3 ways to support your children’s mental health during a divorce

Divorce is one of the most traumatic events you can experience, but when your dissolving union involves children created by the marriage, it can affect them almost more profoundly than you or your spouse. Science Direct notes that children with divorced parents have a greater chance of developing a mental illness when compared to those raised inside intact marriages.

If you have concerns about how a divorce might affect your kids, you can take a few actions that may help safeguard their mental well-being.

1. Communicate openly

Children old enough to understand what divorce means may begin to harbor feelings of anxiety and increased fear of the unknown unless you and your ex-spouse work to keep communication open. Talk with your children about future living arrangements and co-parenting so they can process this information in a safe environment.

2. Avoid detachment

Children of divorce may develop detachment behaviors if they feel abandoned by the parent who moves out of the family home. You can prevent this by reassuring your children that they still have two parents, even if they live apart, and that the split will not affect the love you have for them.
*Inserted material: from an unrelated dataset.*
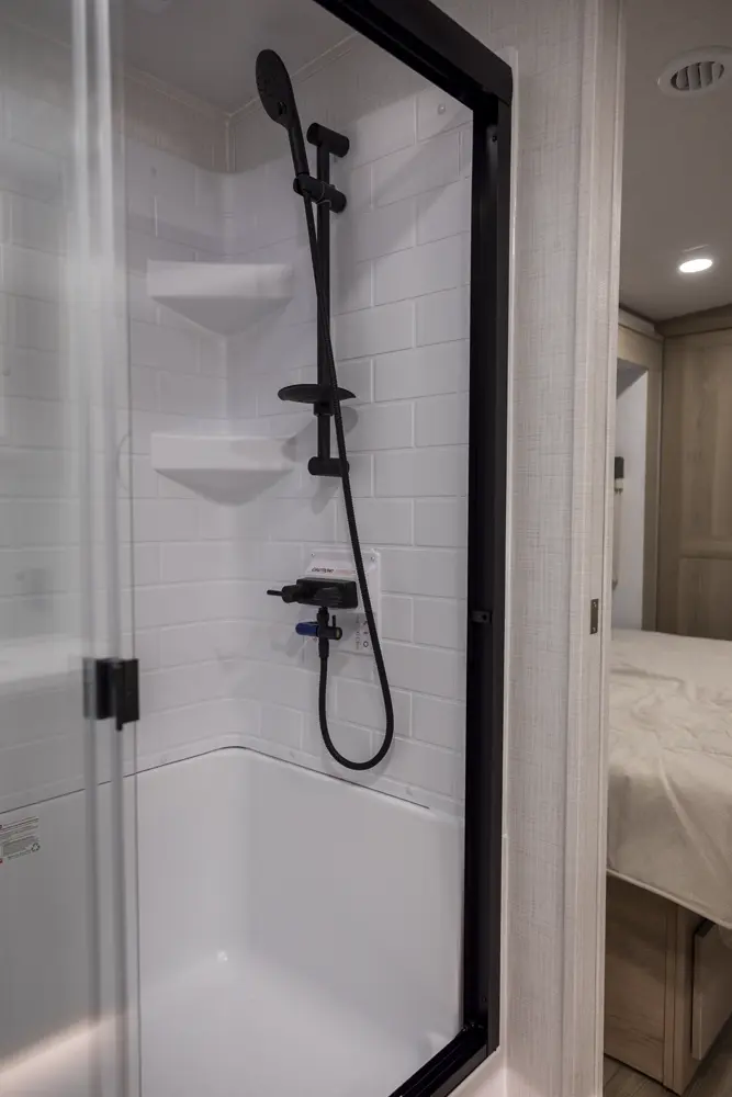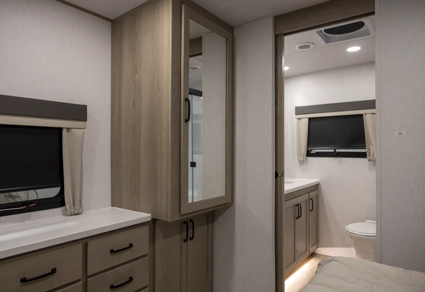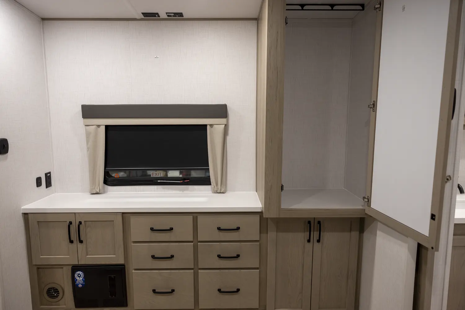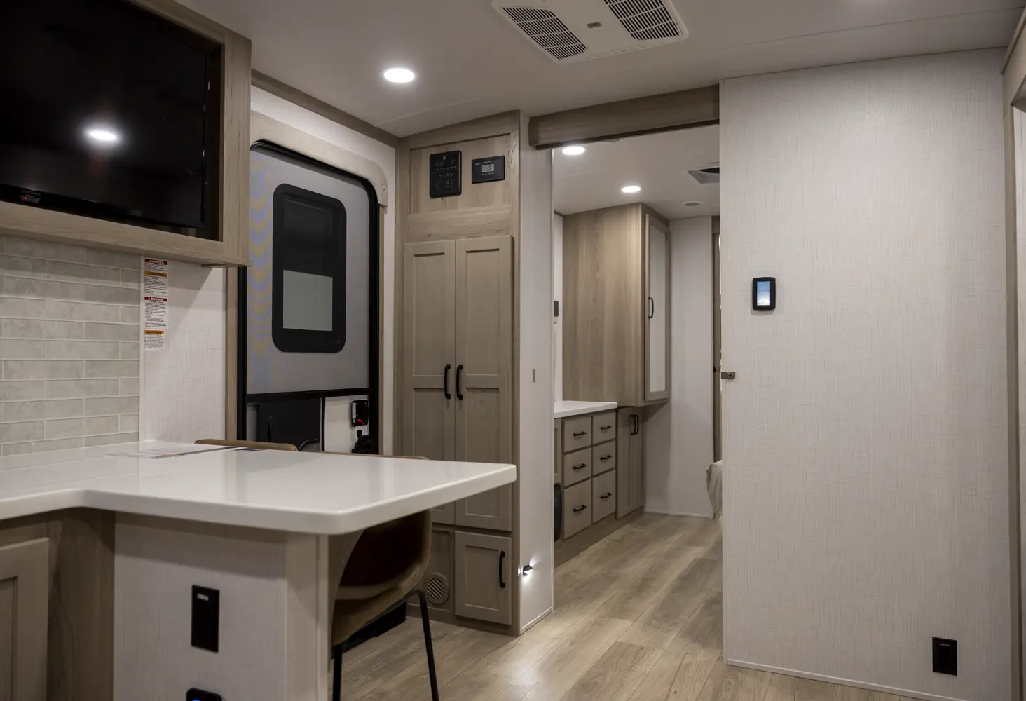 The two person bar top seating and a large window in the front give this coach an open feel with the ability to see your campsite. The theater seating is directly across the entertainment center for easy viewing and comfort. The bedroom in this unit is the game changer with a king bed in a slide out, a large wardrobe and dresser in the middle of this bedroom is perfect. A bathroom with a double sink vanity and 48” x 30” shower with a seat make this bathroom truly a master.

Consistent reassurance can help your kids navigate the divorce without detaching themselves from you or your ex-spouse.

3. Try to maintain routines

Children tend to feel more secure when they have a daily routine, and while a divorce can interrupt these schedules, trying to maintain as many as you can could support your children’s feelings of security and comfort concerning their environment. Reviewing school, extracurricular activities and transportation schedules with your children and your ex may allow you to maintain a sense of normalcy.

You can further your children’s mental well-being by not involving them in financial discussions or arguments with your ex.